Danish agriculture is highly efficient. Danish governmental policy favours small landholdings; the merger of smallholdings to form large estates is discouraged by law. About 85 per cent of the farms of Denmark are less than 50 hectares (124 acres) in size and most are family owned. Of the more than 2,237,000 hectares (some 5,527,748 acres) under cultivation, about 60 per cent are devoted to cereals, mainly barley, oats, wheat, and rye; the rest are planted with fodder and other crops, including flax, hemp, hops, and tobacco. Agricultural production in 2006 included about 4.83 million tonnes of wheat, 3 million tonnes of barley, and 129,600 tonnes of rye. The meat and dairy industries are very important and overwhelmingly export oriented. In 2005 Denmark had 13.5 million pigs, 1.54 million cattle, and 47,472 horses. In 1995 milk production was over 4.6 million tonnes; pork and bacon, 1.5 million; cheese, 311,000; and butter, 54,000. A notable feature of agriculture in Denmark is the influence of the cooperative movement. Cooperative associations dominate the production of dairy products and bacon. A large percentage of agricultural produce is sold through marketing cooperatives. Most cooperatives are organized in national associations, which are members of the Agricultural Council, the central agency for the cooperatives in dealings with the government and industry, and in foreign trade. Denmark’s forest resources are negligible. All forests have been government reserves since 1805. The large Danish fishing fleet (over 3,200 motorized vessels) plays a significant role in the economy. The total annual catch in 2004 was about 1.13 million tonnes, almost all of which were marine fish. The most important fish caught are herring, salmon, and cod. A dispute persists between Greenland and Iceland over fishing rights in the Denmark Strait.
All Danish subsurface resources are the property of the nation. Kaolin is found on the island of Bornholm, but the deposits are not of high quality and it is used chiefly in the manufacture of coarse earthenware and brick. Natural gas and oil have been recovered from offshore North Sea fields since the 1970s; the output of crude oil had reached 375,047 barrels per day by 2004. In 1993 Denmark became a net oil exporter and expansion of oil and gas production balanced energy imports and exports by 1997. Reserves of oil are estimated at 729,618,000 billion barrels. Other commercially produced minerals are limonite, lignite, cryolite, limestone, chalk, and marl. Large quantities of salt have been discovered in Jutland.
Denmark’s principal industries, by value of output, are food processing, steel and metals, chemicals and pharmaceuticals, printing and publishing, machinery, electronic goods, and transport machinery production (notably marine and locomotive diesel engines). Danish furniture has been in demand throughout the world since the 1920s. Other significant industries include iron-founding, shipbuilding, brewing, and the manufacture of clothing and textiles, cement, chemicals, drugs, electronic equipment, earthenware, porcelain, glassware, stoves, bicycles, and paper.

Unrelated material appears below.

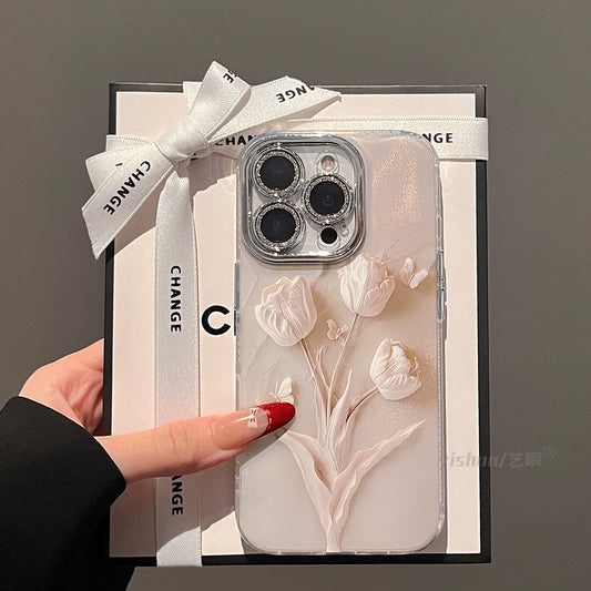 【グッズ】iPhone 16 Pro Max / 15 Pro / 14 PM / 13 / 12 / 11 PM 用 春新作 淡いピンク クリームカラー チューリップ 全面保護 レンズカバー付き 高級感 小众 レディース ストラップ付き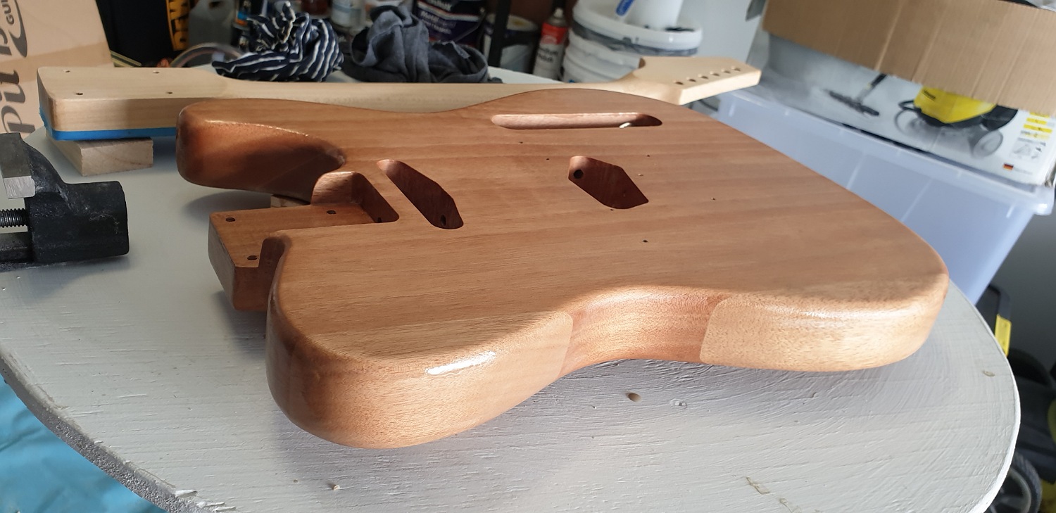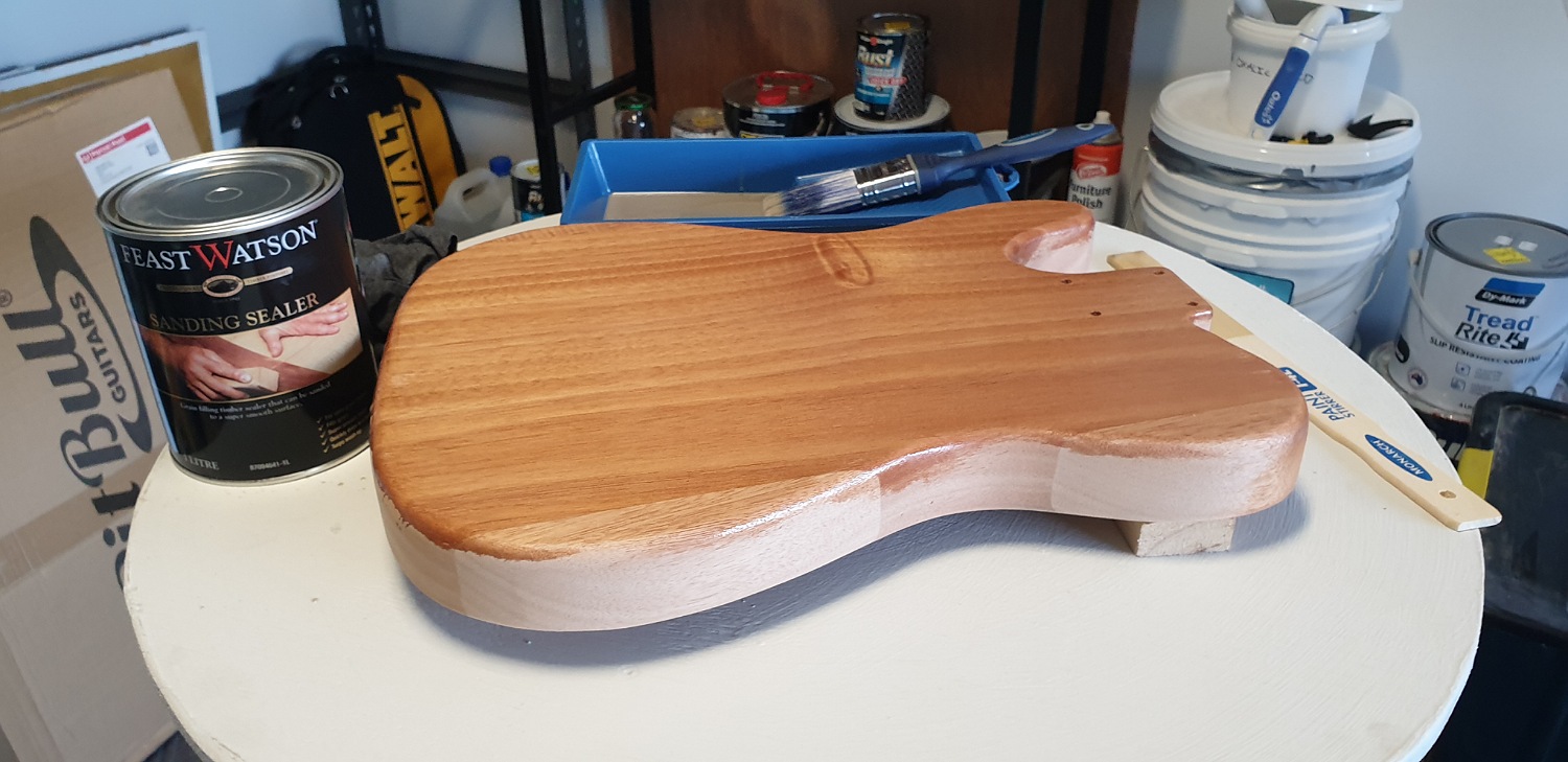 I deffintly jumped the gun 2 weeks ago and started by putting 3 light coats of sanding sealer over the body and 1 light coat on the back of the neck and headstock. It looks great but deffintly not the best starting point so I have joined the forum, read the guides and did a semi mock build.

Denmark supplies more than half of its own energy requirements, thanks to North Sea oil and gas deposits and energy conservation measures. Almost all Denmark’s electricity is produced in thermal plants using coal or petroleum products. In the 1990s the country had an installed electricity-generating capacity of about 10.03 million kW, and in 2003 annual production was approximately 43.3 billion kWh. The application of wind turbines for generating electricity was pioneered in Denmark late in the 1890s and they are in widespread use there today.